◆ TASK ITEM
Begin at the line that has "Haeger Black LeatherSoft", stop after the line that has "146. You are", and print exactly those lines from the records below, without any pictures.

◆ DATASET EXCERPTS
━━━━

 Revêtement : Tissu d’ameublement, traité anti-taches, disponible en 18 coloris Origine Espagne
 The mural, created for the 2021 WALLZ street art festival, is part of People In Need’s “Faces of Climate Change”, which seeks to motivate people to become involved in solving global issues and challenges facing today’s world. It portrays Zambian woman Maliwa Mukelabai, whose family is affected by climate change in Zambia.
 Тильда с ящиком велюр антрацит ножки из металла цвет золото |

━━━━

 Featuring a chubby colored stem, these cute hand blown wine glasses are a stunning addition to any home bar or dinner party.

━━━━

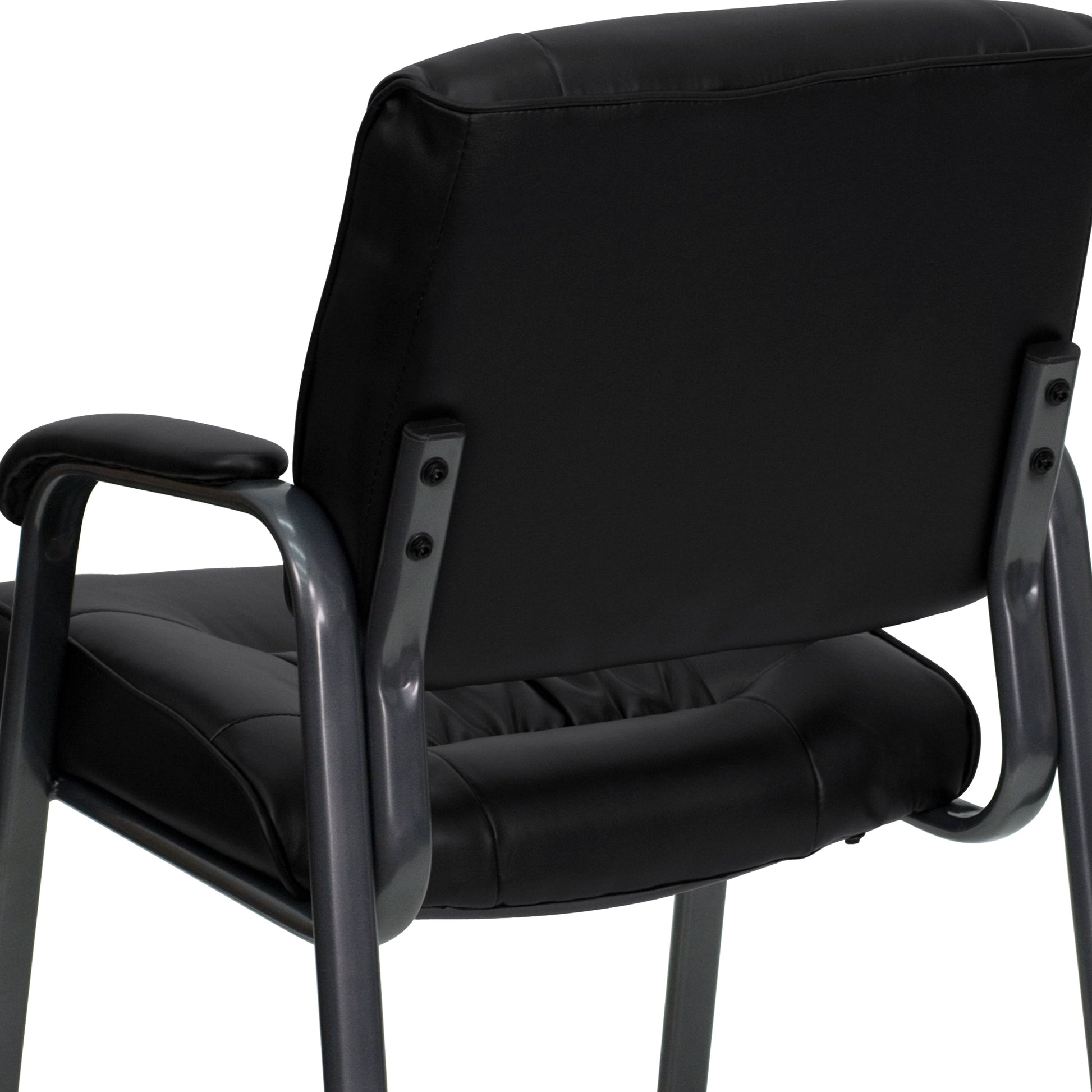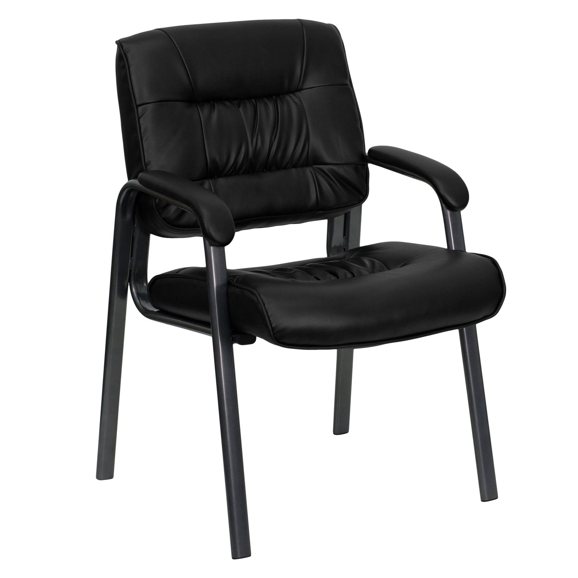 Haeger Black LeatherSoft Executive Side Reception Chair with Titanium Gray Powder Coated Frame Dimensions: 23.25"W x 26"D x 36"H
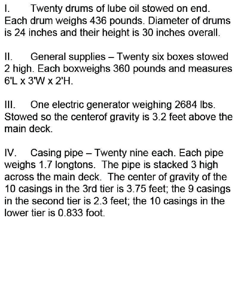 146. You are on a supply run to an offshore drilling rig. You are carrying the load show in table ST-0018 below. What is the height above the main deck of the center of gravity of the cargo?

━━━━

◆ RESULT BELOW
 Haeger Black LeatherSoft Executive Side Reception Chair with Titanium Gray Powder Coated Frame Dimensions: 23.25"W x 26"D x 36"H
 146. You are on a supply run to an offshore drilling rig. You are carrying the load show in table ST-0018 below. What is the height above the main deck of the center of gravity of the cargo?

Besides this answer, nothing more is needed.